Back to the Problem: RI State Census

Defining the Problem

Imagine this scenario. You are a Civil War hero and you return home to marry the woman you love. On 14 March 1865 you marry her and on 2 April 1866, you welcome your first son, James Frederick Barber. Six more sons quickly follow: Albert (1868), Howard (1870), Elmer (1873), Raymond (1875), Herman (1876) and William (1879). 

Suddenly, your wife dies (1881) (possibly in childbirth) leaving you with all these boys! Your mother is dead and your father remarried a long time ago and raised you, your sister and ten more children of their own. Your father is 66 and still a farmer. You don't want to be a farmer and have started a harvesting seaweed business [1880 census: boatman]. You can't be on a boat and still take care of children. 

Then, thirteen year old Albert dies (1882). Your oldest son, James Frederick Barber is a servant in Capt. Palmer Hall's household across town "at India Point". He want to be a barber not a boatman or farmer. (Doesn't this sound like it could happen today?)

The 1880 census for James Frederick Barber's family is multi-generation. Grandfather Matthew is 65, and his second wife Rhoda is 61. Oldest unmarried son, Ellery is 34. He marries Fannie Emeline HALL (yes, a Hall) in 1888 after his father dies. 

Brother Charles is 23 and the youngest child of Matthew and Rhoda is 20 and listed as Matthew S. Barber. (We call him Junior.)

There is a Benjamin Barber listed at 23 as a son is not found in any other census and I suspect is a nephew. He's not buried in River Bend that I can find or is listed in the River Bend Cemetery Book.
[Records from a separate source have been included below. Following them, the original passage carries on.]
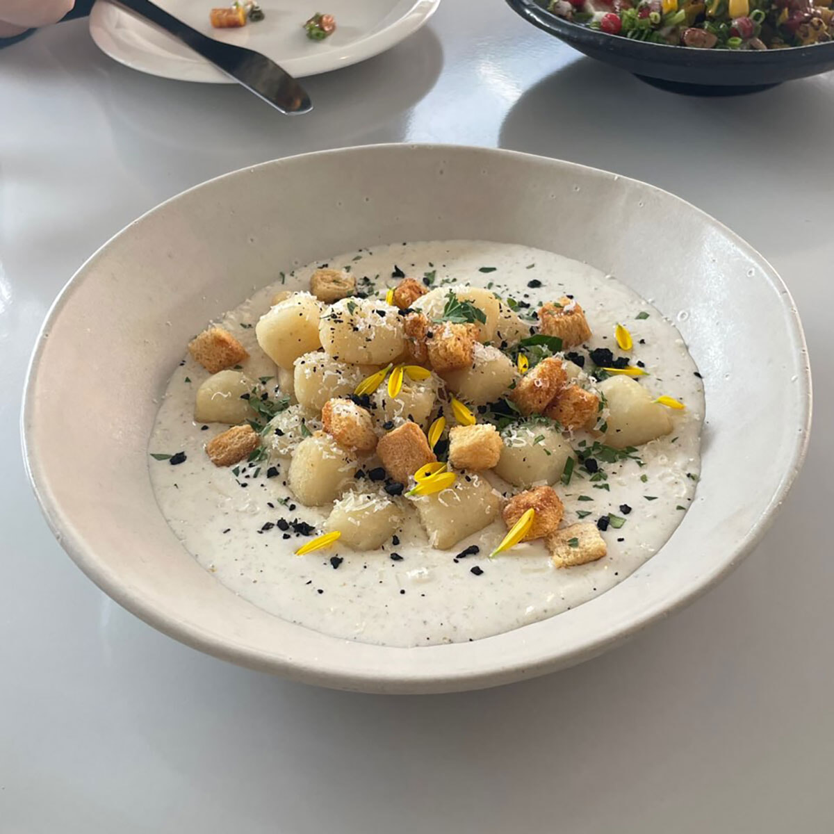 トリュフとクリームのニョッキは、とてもクリーミー。もちもちのニョッキとクルトンのコンビネーションがおもしろい。
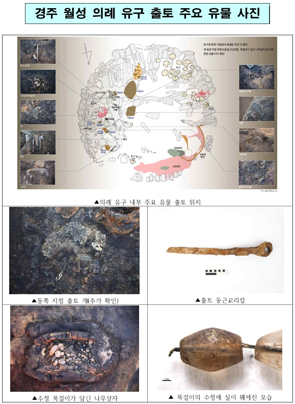 국립경주문화유산연구소는 지난해 10월 의례 제물로 바쳐진 개를 공개한 이후 12월까지 진행된 추가 조사에서 개 한 마리를 더 확인했으며, 그 주변에서 수정 목걸이가 담긴 나무상자와 둥근고리칼, 상어 이빨과 함께 1,200여 알이나 되는 콩들도 더 발굴했다. * 사로국 시기: 진한 12국 중 하나로서, 경주 일대에 형성된 초기국가 단계(서기전 1세기~서기 4세기 중엽)
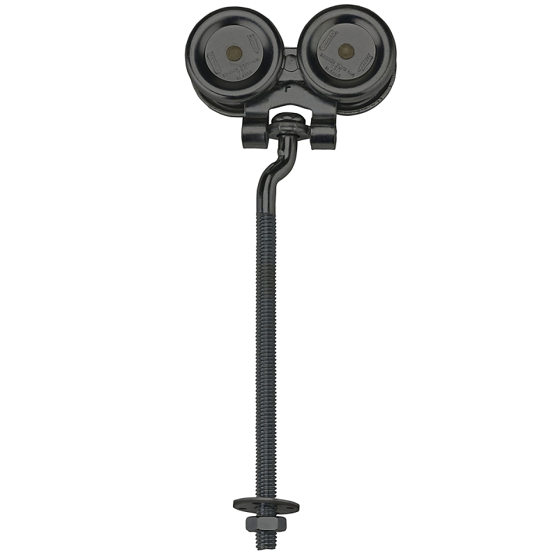 Designed for use with box rail on wood-frame, metal-clad door using a 2 x 4 in or 2 x 6 in frame. For use with #59, #5100, #5103, #5104, #5105, #5110, #5114 or #5116 box rail. Packed with four washers, four hex nuts and two end caps per pair. 1/2 in offset bolt adjusts both vertically and laterally from inside door. Connecting bolt threaded 7 in adjusts laterally 1 in by turning offset bolt for desired clearance. Durable one-piece, precision formed steel. Each hardened axle has 12 hardened and precision-ground alloy steel roller-bearings. Delrin seals keep out dirt while holding in long-life grease. Safe working load - 300 lb per hanger. 9 in bolt.Item Specifications
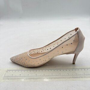XYD Light Pink Low Heels Pumps Sheer Mesh Crystal Studs Pointed Toe Sexy Shoes
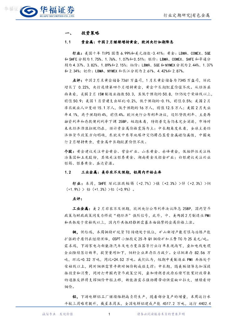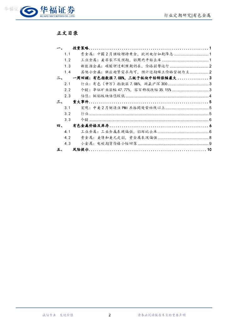 华福证券:有色金属行业周报:中国2月继续增持黄金,铝周内开启去库.pdf
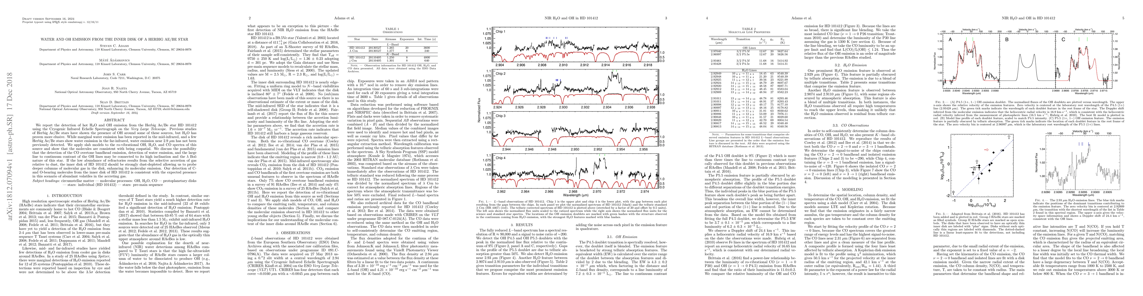 We report the detection of hot H$_{2}$O and OH emission from the Herbig Ae/Be star HD$~101412$ using the Cryogenic Infrared Echelle Spectrograph on the $\textit{Very Large Telescope}$. Previous studies of Herbig Ae/Be stars have shown the presence of OH around some of these sources, but H$_{2}$O has proven more elusive. While marginal water emission has been reported in the mid-infrared, and a few Herbig Ae/Be stars show water emission in the far-infrared, water emission near 2.9 $\mu$m has not been previously detected. We apply slab models to the ro-vibrational OH, H$_{2}$O, and CO spectra of this source and show that the molecules are consistent with being cospatial. We discuss the possibility that the detection of the CO overtone bandhead emission, detection of water emission, and the large line to continuum contrast of the OH lines may be connected to its high inclination and the $\lambda$ Bo\"o nature of this star. If the low abundance of refractories results from the selective accretion of gas relative to dust, the inner disk of HD$~101412$ should be strongly dust-depleted allowing us to probe deeper columns of molecular gas in the disk, enhancing its molecular emission. Our detection of C- and O-bearing molecules from the inner disk of HD$~101412$ is consistent with the expected presence in this scenario of abundant volatiles in the accreting gas.
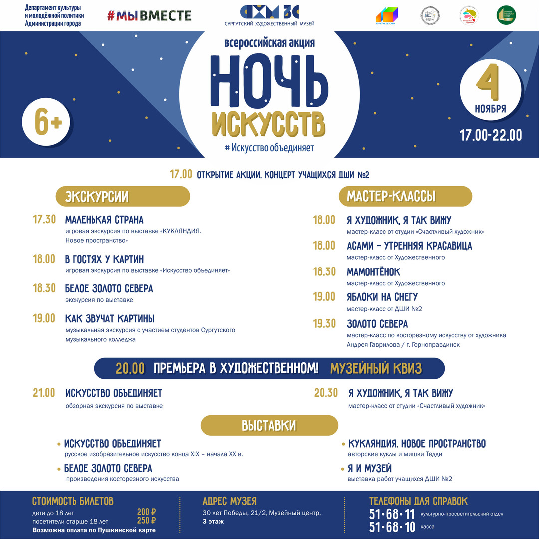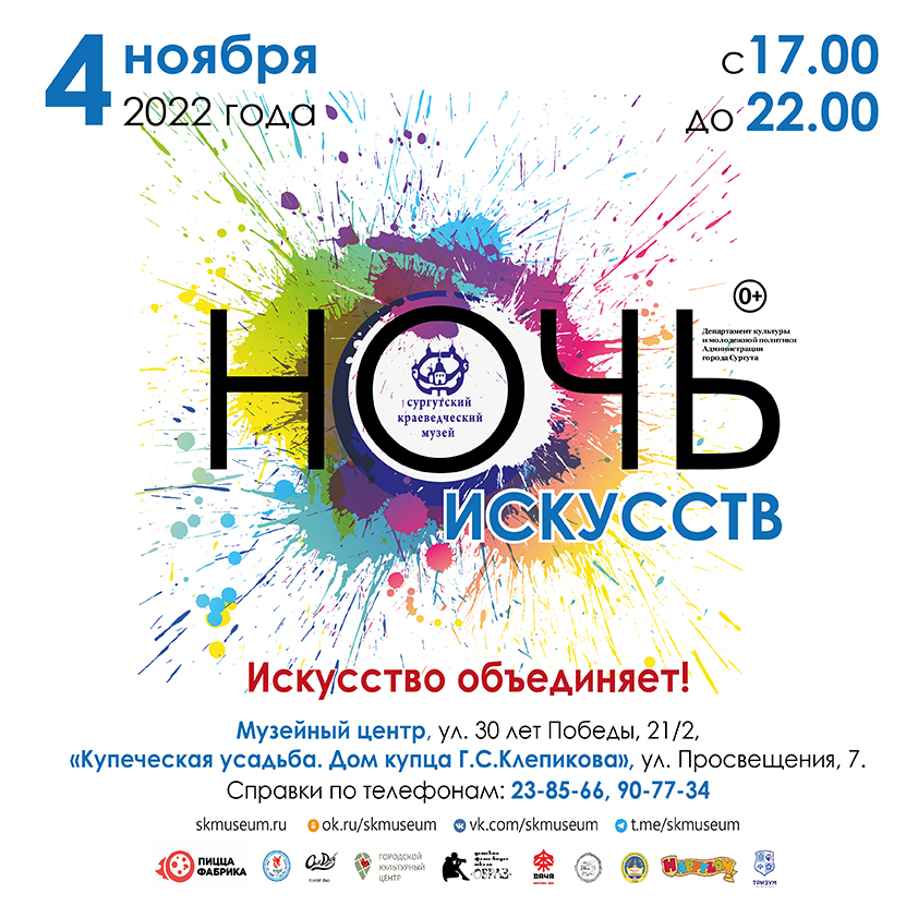 Сургутян и гостей города ожидает яркий круговорот событий: увлекательные и познавательные экскурсии тесно переплетутся с интереснейшими презентациями культурных новинок, просмотром тематического видео, выступлениями творческих коллективов, мастер-классами и множеством сюрпризов. Акция «Ночь искусств» будет проходить по единому билету на двух площадках: в Музейном центре и в «Купеческой усадьбе. Доме купца Г.С. Клепикова».
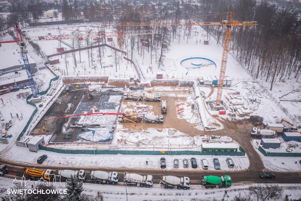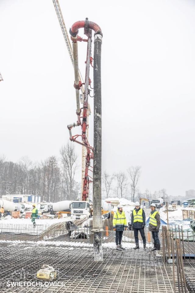 Prace przy budowie hali widowiskowo-sportowej nabrały tempa. Rozpoczęła się wylewka fundamentów, na placu budowy pojawił się drugi żuraw, który pomoże w usprawnieniu budowy, a już od przyszłego tygodnia rusza stawianie filarów i ścian. Na miejscu prowadzonych prac pojawili się prezydent Daniel Beger oraz wiceprezydent miasta Sławomir Pośpiech, aby na własne oczy zobaczyć postępy. Prezydent Świętochłowic w mediach społecznościowych podzielił się z mieszkańcami ciekawostką dotyczącą wylewki fundamentów.
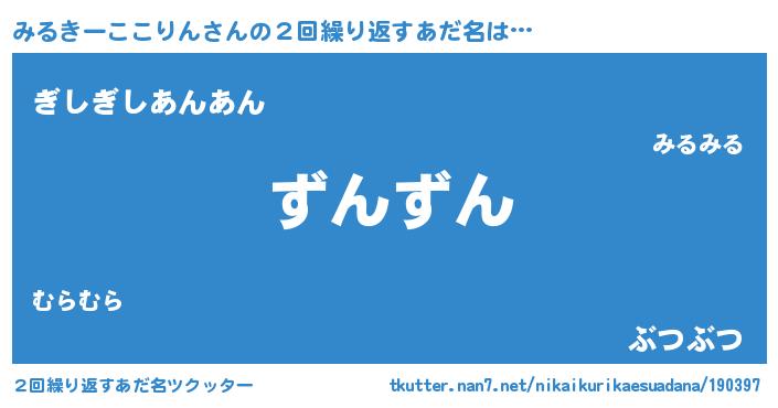 | 欧米人風あだ名 | 『ダレノガレみるきーここりん』 |
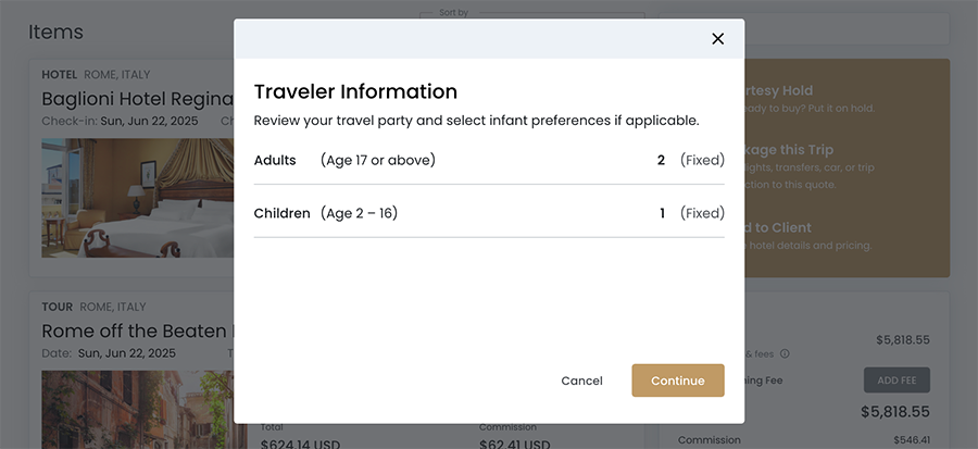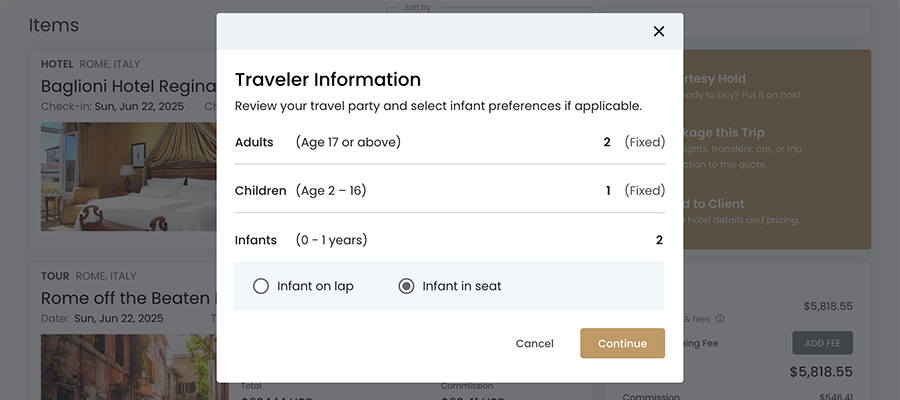 - It allows users to specify whether infants will be traveling as 'infant on lap' or 'infant in seat'.
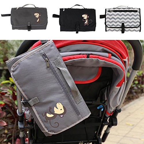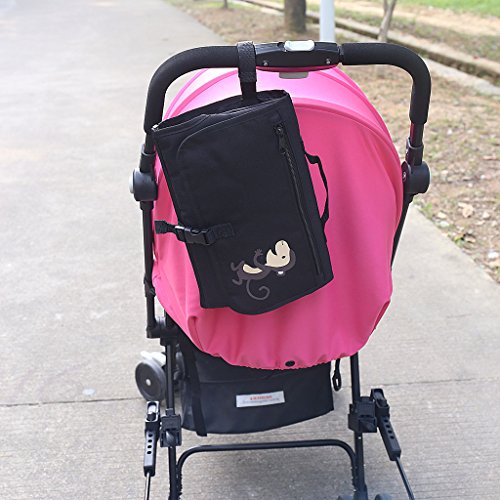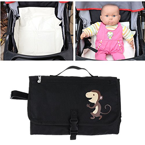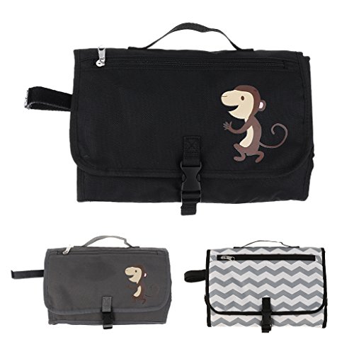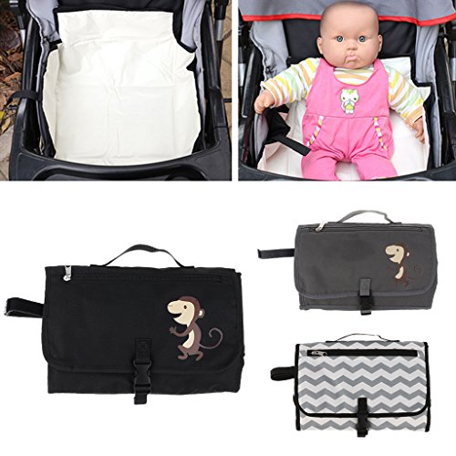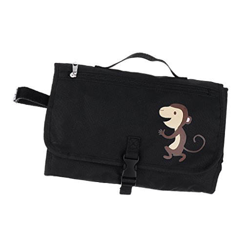 Prettyia 折りたたみ 赤ちゃん用 旅行 おむつ 交換 パッド 防水 マット バッグ ストレージ ポータブル 全3色 - ブラック
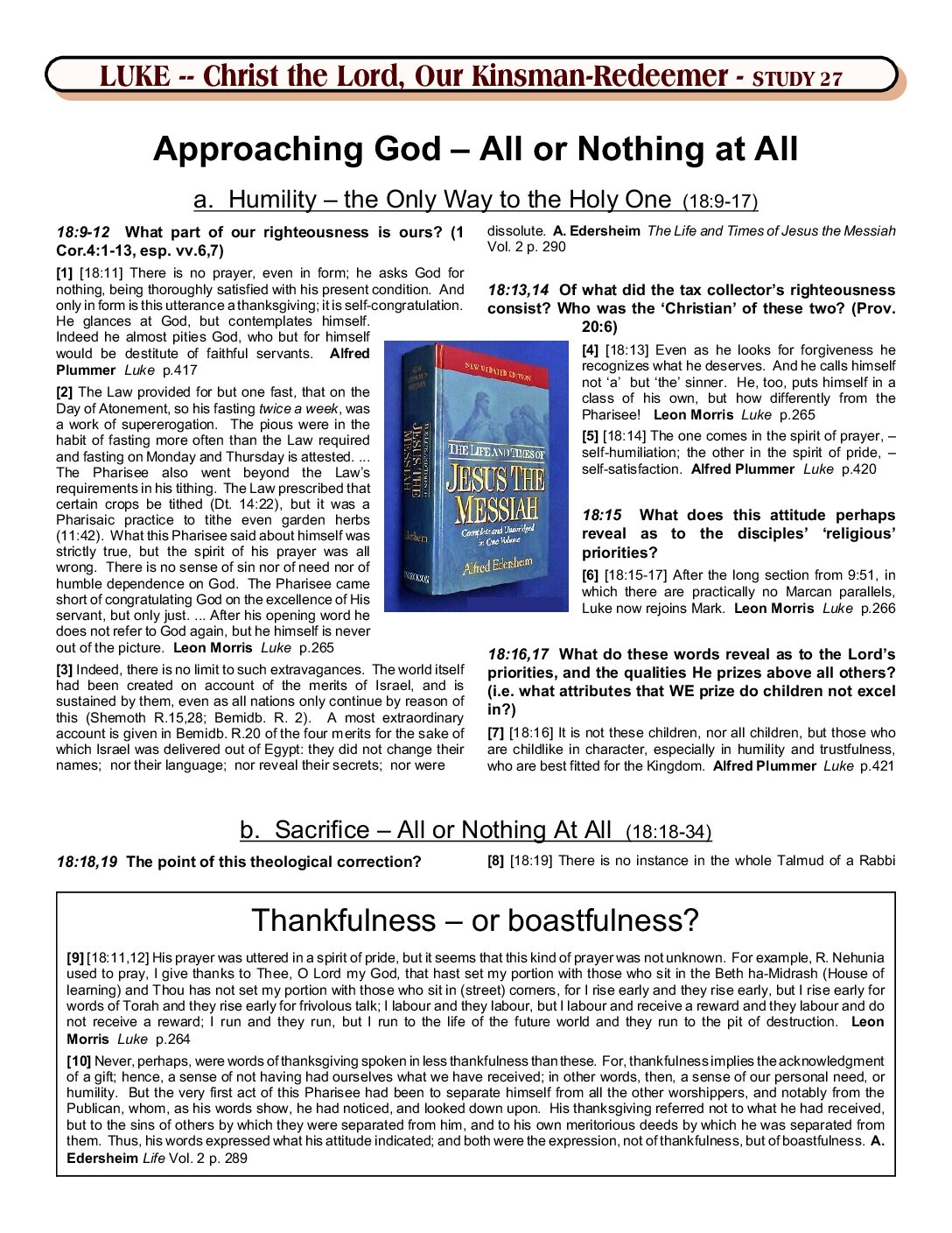 Studies 25 & 26 - Not of Necessity, But Out of Thanksgiving
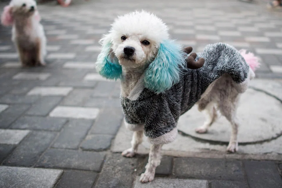 "Pet owners like to dress up their pets, the way they would their own children," said a woman surnamed Huang as she walked her two fluffy brown poodles, one with a pink bowtie and the other wearing a blue one, through a central Shanghai neighbourhood.

Daughter Agnes has married her (first) husband Stanton Thompson and they live in the household with their 7 year old daughter Grace. Daughter Phebe Eliza is also living with them with her husband Benjamin Maryott and their two children Eliza (5) and Lewis (3). It is a full house as you can imagine.

The 1885 Rhode Island census lists each member of a household separately. Young children are not always enumerated. But, I am sure that James Frederick Barber is never part of his father's extended household again.

He's listed as Frederick, in the 1885 Rhode Island census and I would not be surprised if he is still living with Capt. Palmer Hall.

More research needs to be done but at least I have a better understanding and feeling about him living in Capt. Palmer Hall's spacious home!

A reader suggested that he may have been an assistant to Capt. Hall working the animals, tending the boats and keeping the grounds. Maybe he even cut Capt. Hall's hair?